There is support for the proposition one who loans money to another to pay off a realty encumbrance with the understanding the loan is for that purpose is entitled to be subrogated to the rights of any previous encumbrances. See Turney v. Roberts, 255 Ark. 503, 510, 501 S.W.2d 601, 606 (1973); Stephenson v. Grant, 168 Ark. 927, 931, 271 S.W. 974, 975 (1925). And one who discharges the vendor's lien upon lands, either by paying as surety or at the request of the debtor, should be entitled to be subrogated to the lien of the creditor to the extent of the payment made. See Henke v. First Southern Properties, Inc., 586 S.W.2d 617, 621 (Texas 1979); (citing Faries v. Cockrill, 88 Tex. 428, 31 S.W. 190 (1895); Diversified Mortg. v. Lloyd D. Blaylock, 576 S.W.2d 794 (Texas 1978); Johnson v. Frierson, 133 S.W.2d 594, er. dis. judmt. cor. (Tex.Civ.App. (Waco) 1939).
In Smith v. State Savings and Loan Assn, 175 Cal.App.3d 1092, 223 Cal.Rptr. 298, 302 (2nd Dist. 1985), the court determined a person who advances money to pay off an encumbrance on realty at the request of the owner with an express or implied understanding the advance is secured by a first lien and it is not a first lien, the person advancing the money, if not chargeable with culpable and inexcusable neglect, will be subrogated to the rights of the holder of the prior encumbrance unless superior or equal equities of others would be prejudiced. See also Southern Colonial Mortg. Co. v. Medeiros, 347 So.2d 736, 738 (Fla.App. 1977), where the court held one who makes a loan to discharge a first mortgage pursuant to an agreement with the mortgagor, will have a first mortgage on the land that will be subrogated to the rights of the first mortgagee and the failure to secure a formal assignment will not bar subrogation.

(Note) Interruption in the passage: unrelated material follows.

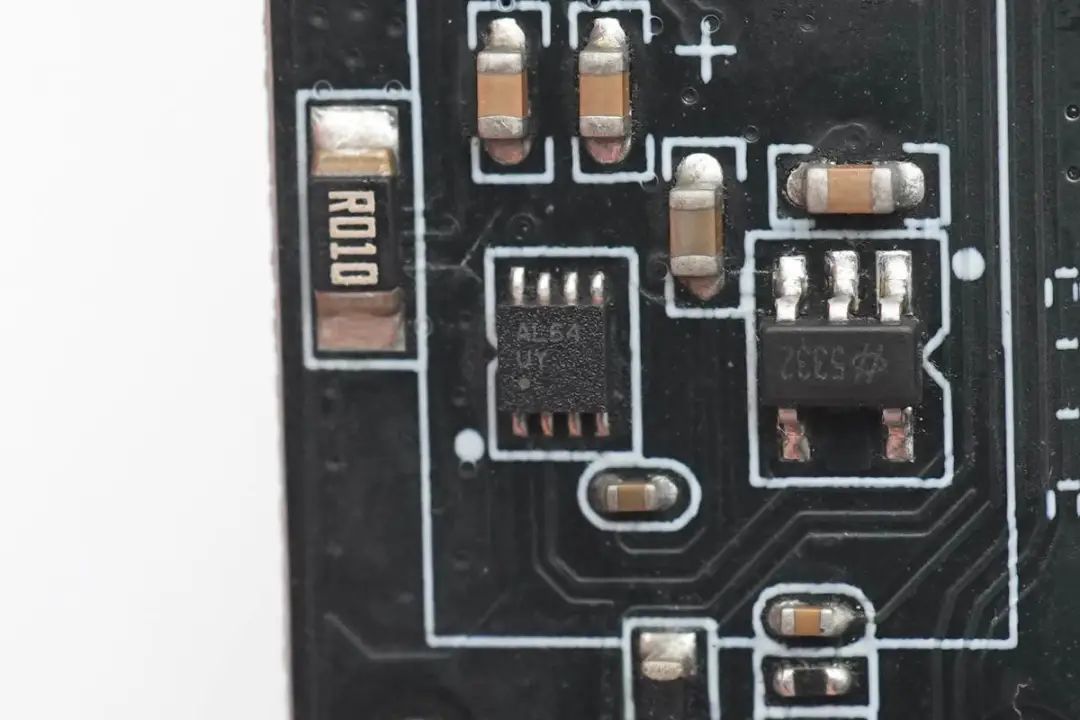 PCBA模塊背面焊接三顆芯片和電流取樣電阻,左側(cè)按鍵用于切換顯示狀態(tài)。

There are particularly strong arguments in Iowa for allowing one, who at the contract purchaser's request pays off a vendor, to be subrogated to the vendor's position. This is especially true where there is a threat of forfeiture. By allowing subrogation there is an incentive for one to advance sums to help a property owner avoid forfeiture. This not only allows the property owner to avoid forfeiture but by preserving the property owner's interest the lien on his or her interest also is preserved.
We find:
1. Nettie paid $39,420 to the contract vendor.
2. As a result of Nettie's payment the vendor's lien was paid in full.
3. The vendor's interest had at all times been superior to Germaine's judgment lien.
4. Germaine had greater security after Nettie made the payments and Roland received a warranty deed to the property.
5. Roland intended Nettie have a first lien on the premises to secure the payment of the vendor's lien.
6. It can be implied from the circumstances when Nettie paid off the vendor's lien she would be subrogated to the vendor's position.
7. Germaine is in no worse position on foreclosure than if she herself had paid the contract because as second she still can pay off Nettie's first lien should Nettie seek to foreclose.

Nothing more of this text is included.